Prior to her imprisonment, Mire had begun a relationship with fellow Communist Olek Hausman. After escaping, Mire traveled to Warsaw looking for Olek, but discovered that he was in Bialystok. She located him there and together they went to Soviet-controlled Lvov where they were married. The Soviets appointed Mire as a member of city council and commissar. Olek left to join the Red Army when the Germans to Lvov in June 1941 and was not heard from again. Mire, who was pregnant, stayed behind and gave birth unassisted in a basement. She was able to contact the Spiner family, her cousins in the Krakow Ghetto. The Spiners sent a Polish friend to bring Mire to Krakow. Her baby died soon after her arrival.

=== Jewish resistance ===
While living in the Kraków Ghetto, Mire and her cousin, Vuschka Spiner, worked in a German factory that produced goods and supplies for the Nazi army.
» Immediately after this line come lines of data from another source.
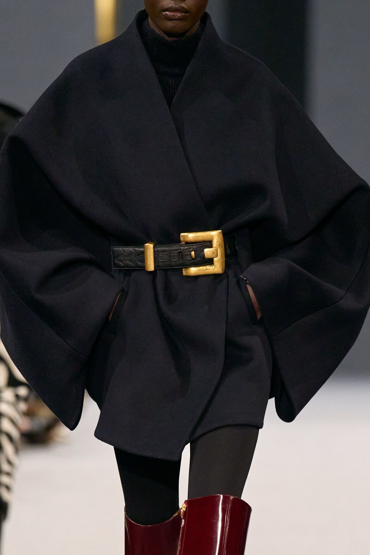 Корсетный ремень + пальто с объёмными плечами = вау-эффект
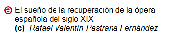 – Francisco Parralejo: El despertar de un sueño centenario. Teatro de La Zarzuela. Madrid, 2019.
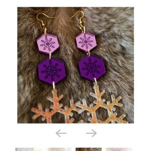 Indi City MAHKAKONAKOW Purple and Pink holiday statement earrings. Brand new, never used. Indigenous brand, owned and crafted.
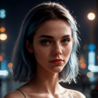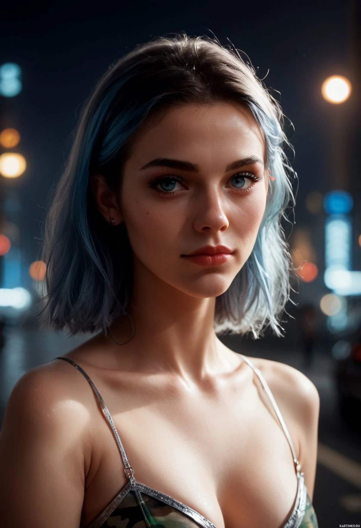 The image depicts a person with short blue hair standing in an urban street setting at night. The individual appears to be wearing a high-cut, metallic bikini top paired with what seems like a corset or bra-like garment on the torso. They have a neutral expression and are looking directly at the camera. In the background, there is neon lighting from surrounding establishments, which suggests it might be a commercial or entertainment district. The street is lined with vehicles parked along the curb and some buildings can be seen in the far distance.
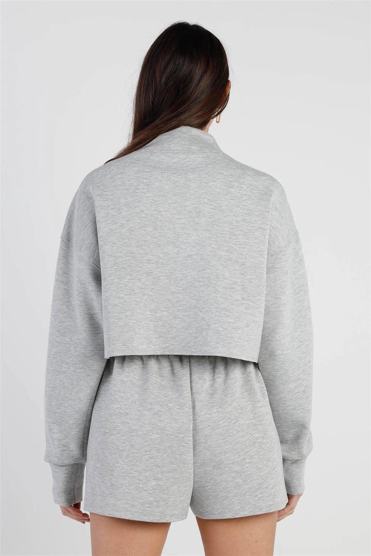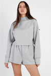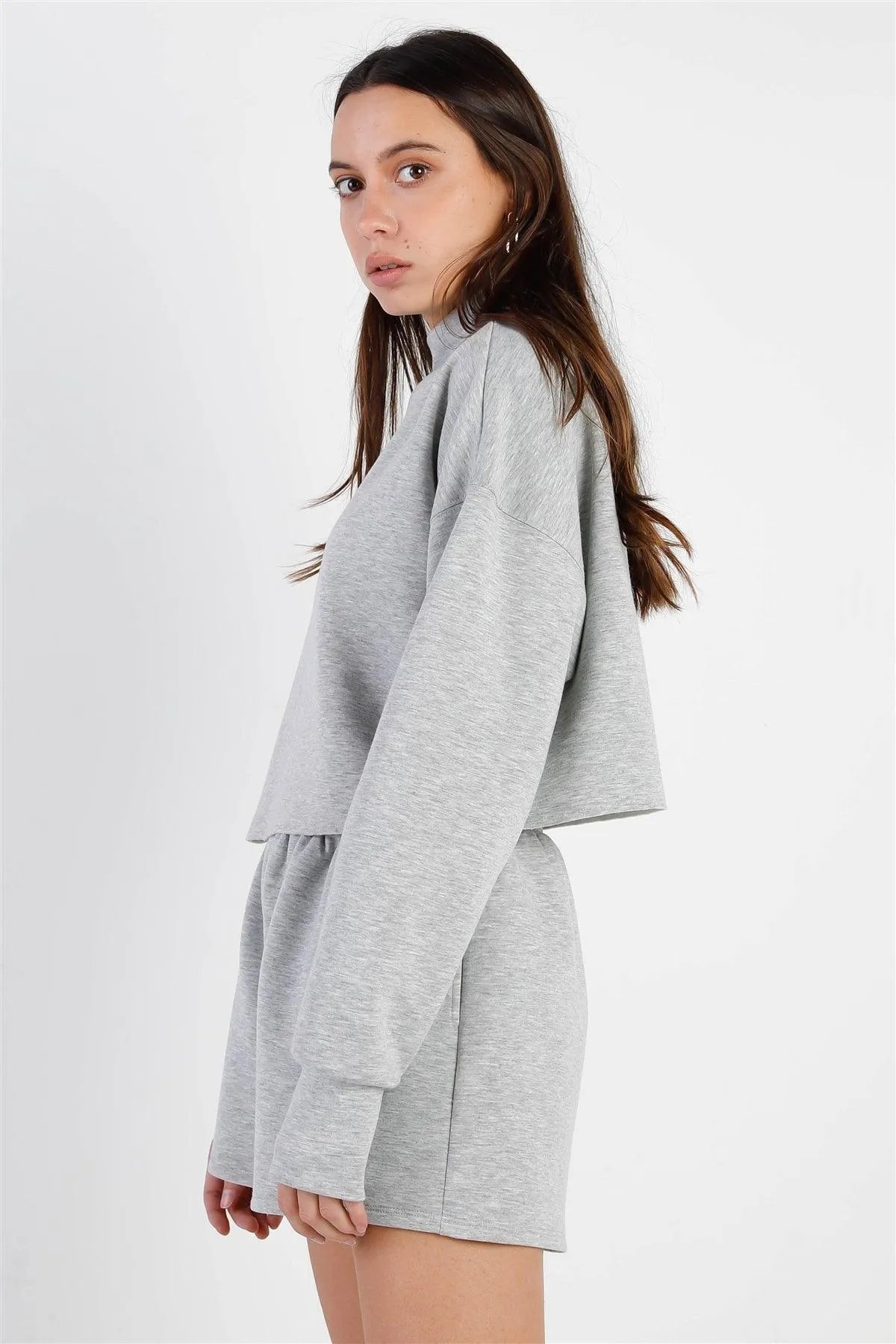 Heather Grey Mock Neck Crop Sweatshirt & High Waist Short Set /2-2-2
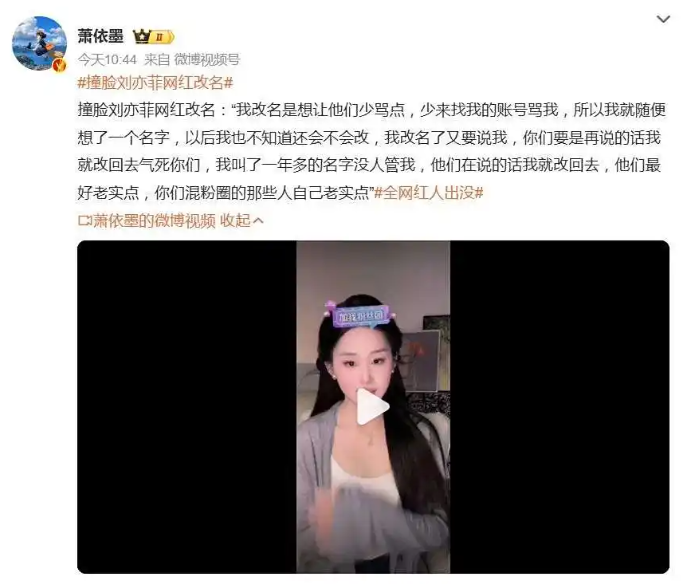 撞臉劉亦菲網紅“劉一菲”改名:想讓他們少罵點
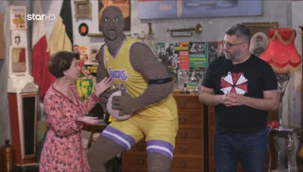 Αφού πρώτα αποκάλυψε ότι στο σπίτι του έχει 4-5 εκατομμύρια τουβλάκια, αφού προηγουμένως εξήγησε στη Δέσποινα Μοιραράκη τα χαρακτηριστικά του αγάλματος του παλαίμαχου σέντερ και πώς αυτό ήρθε στην κατοχή του.

They sabotaged canned food produced there but stopped when Mire thought it became too dangerous. Mire left the ghetto in January 1942 and resumed contact with the Polish Worker's Party (PPR). She urged her comrades to assist the Jews of Poland as she predicted the Nazi's plans for the annihilation of the Jews, but was disappointed by their inaction. Seeking more support, Mire connected with active members of the Akiva and Dror Zionist organizations including Spiner's husband, Dolek Liebeskind, Shimshon Draenger (1917–1943), and Adolf (Avraham) Leibovich (1917–1943). With limited help from the PPR, Mire and her contacts arranged forrest guides and hiding places for friends outside the ghetto. These friends mostly consisted of those who were active in Iskra, a Jewish underground group, led by Heshek (Zvi) Bauminger (1919–1943). Iskra ultimately merged with the PPR. Mire and members of Akiva continued to express disappointment with the lack of support from the PPR.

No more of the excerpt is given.